■ **TASK INPUT**:
+++++

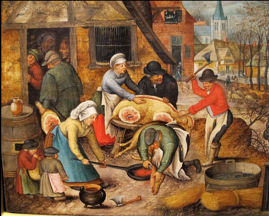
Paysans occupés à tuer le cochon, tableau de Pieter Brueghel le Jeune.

+++++

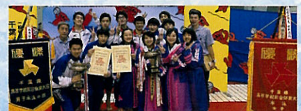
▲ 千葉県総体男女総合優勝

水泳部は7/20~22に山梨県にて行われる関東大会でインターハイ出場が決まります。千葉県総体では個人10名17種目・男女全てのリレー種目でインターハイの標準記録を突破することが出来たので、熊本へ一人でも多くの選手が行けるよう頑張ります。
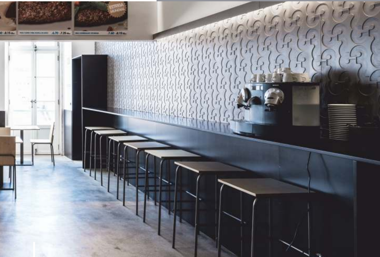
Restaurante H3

+++++

For this exercise, set down the lines in the entries above from the one with "水泳部は7/20~22に山梨" through the one with "Restaurante H3" exactly as written, without any pictures.

水泳部は7/20~22に山梨県にて行われる関東大会でインターハイ出場が決まります。千葉県総体では個人10名17種目・男女全てのリレー種目でインターハイの標準記録を突破することが出来たので、熊本へ一人でも多くの選手が行けるよう頑張ります。
Restaurante H3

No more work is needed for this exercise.